Kolejny rodzic opowiada jak to bardzo kłopotliwe jest mieć w domu dorosłego mężczyznę. Władze nic sobie z tego nie robią. – Nasze obawy są całkowicie lekceważone – mówi.

Według Eurostatu, tylko 8% imigrantów przybyłych w 2015 roku do Europy miało poniżej 14 lat. Ponad połowa deklarowała, że ma 16-17 lat. Aż 91% było płci męskiej. To według reporterki całkowicie podważa mit o biednych dzieciach uchodźcach przybywających do Wielkiej Brytanii.
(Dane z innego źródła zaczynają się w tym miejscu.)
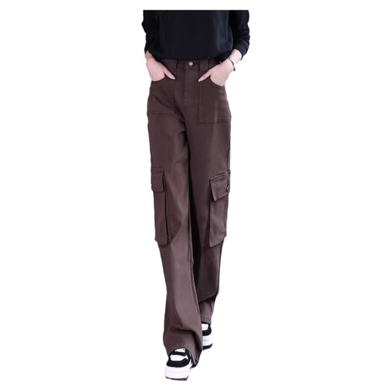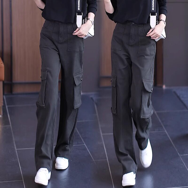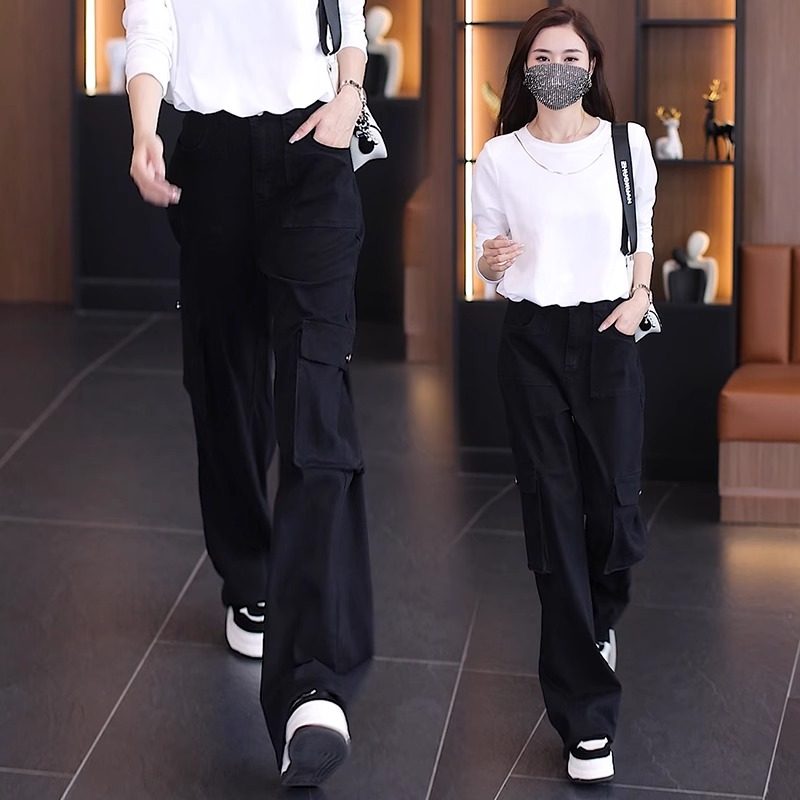 牛仔工装阔腿裤女秋冬季2023年新款高腰美式多口袋窄版直筒休闲裤

Zobacz też: Szokujące dane. Muzułmanom wystarczy na to 40 lat. Kasandryczny raport: Zachodnia Europa zniknie

Sergeant cytuje też przedstawicieli organizacji Save the Children (Ratujmy Dzieci), którzy twierdzą, iż: Wielu przybywających jest samowystarczalnych i nie potrzebuje żadnej pomocy. Nie są żadnymi sierotami, wręcz przeciwnie – to rodziny wysłały ich razem z z pomocą przemytników ludzi.

– 90% z nich nie jest sierotami – powiedział reporterce anonimowy urzędnik, od ponad 20 lat zajmujący się imigracją. – Ich podróż tutaj jest bardzo dobrze organizowana. Rodziny zapłaciły przemytnikom, by znaleźli się tutaj. Następnie same chcą tu zjechać. To młodzi mężczyźni zasobni w dużo gotówki.

– W naszym systemie nie ma nic co pozwoliłoby zatrzymać 25 letnego terrorystę z ISIS, który poda się za 17-letniego uchodźcę – mówi z kolei reporterce ekspert od spraw terroryzmu.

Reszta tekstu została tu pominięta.